Hello I'm looking for a Proctor. I need to do some examinations for my online courses and I have been going with the British Council, but they charge way too much.

I messaged a bunch libraries, Universities and Training Centers. 

I can take it here or in Dubai.

Unless 500 Dhs or more is the norm around here. 

Please let me know,

Thanks


----------



## atousa_r

hello,

I'm going through the same problem here. Can you please share any results you found?

Thanks,
Atousa


----------



## twowheelsgood

atousa_r said:


> hello,
> 
> I'm going through the same problem here. Can you please share any results you found?
> 
> Thanks,
> Atousa


He/she hasnt posted for 18 months so its fair to assume the user is not around any more.


----------



## KhalidAbuDhabi

atousa_r said:


> hello,
> 
> I'm going through the same problem here. Can you please share any results you found?
> 
> Thanks,
> Atousa


What kind of exams you are preparing for? If those are only affiliated with British Council then i guess you don't have any choice other than to stick with them.


----------



## VWCefiro

atousa_r said:


> hello,
> 
> I'm going through the same problem here. Can you please share any results you found?
> 
> Thanks,
> Atousa




Hello sorry for the very late reply,

Unfortunately like the folk said above me british council is the way to go or the American version. 

Amideast. 

I tried many places and none do them. For my studies in particular. 

Most testing areas tend to deal with TOEFL, IELTS or placement tests. 

Both places charge a pretty hefty fee so be prepared on what exams you will take. 

british council charges about 500 dhs for one session, I think for two exams but it can be taken at unlimited hours

Amideast charges per hour at 250 dhs. 

For me as I'm closing in finishing my studies it's infuriating as some classes I have to take 8 exams total and sadly I have to go home and get them done. Unless I can find a reasonable solution. 
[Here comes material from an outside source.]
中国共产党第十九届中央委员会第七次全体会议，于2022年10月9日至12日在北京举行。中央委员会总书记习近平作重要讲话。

Anyway feel free to PM me or respond here if you have any further questions.


----------



## KhalidAbuDhabi

VWCefiro said:


> Hello sorry for the very late reply,
> 
> Unfortunately like the folk said above me british council is the way to go or the American version.
> 
> Amideast.
> 
> I tried many places and none do them. For my studies in particular.
> 
> Most testing areas tend to deal with TOEFL, IELTS or placement tests.
> 
> Both places charge a pretty hefty fee so be prepared on what exams you will take.
> 
> british council charges about 500 dhs for one session, I think for two exams but it can be taken at unlimited hours
> 
> Amideast charges per hour at 250 dhs.
> 
> For me as I'm closing in finishing my studies it's infuriating as some classes I have to take 8 exams total and sadly I have to go home and get them done. Unless I can find a reasonable solution.
> 
> Anyway feel free to PM me or respond here if you have any further questions.
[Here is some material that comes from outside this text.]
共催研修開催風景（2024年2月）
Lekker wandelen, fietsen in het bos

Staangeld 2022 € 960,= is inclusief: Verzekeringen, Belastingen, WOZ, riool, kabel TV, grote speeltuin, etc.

Hey, check this out, i saw this post classified section, not sure if the price still comes under your budget:

http://www.expatforum.com/expats/du...line-ielts-courses-very-affordable-price.html


----------



## VWCefiro

theviewabudhabi said:


> Hey, check this out, i saw this post classified section, not sure if the price still comes under your budget:
> 
> http://www.expatforum.com/expats/du...line-ielts-courses-very-affordable-price.html


Hello, I think they offer services only in Australia and Canada. 

I'm going to ask a few more places and will update if I find any.


----------



## KhalidAbuDhabi

Sure, i didn't go that deep with their services, thought they posted in Dubai section so it would be in that location as well. Best of luck to you.


----------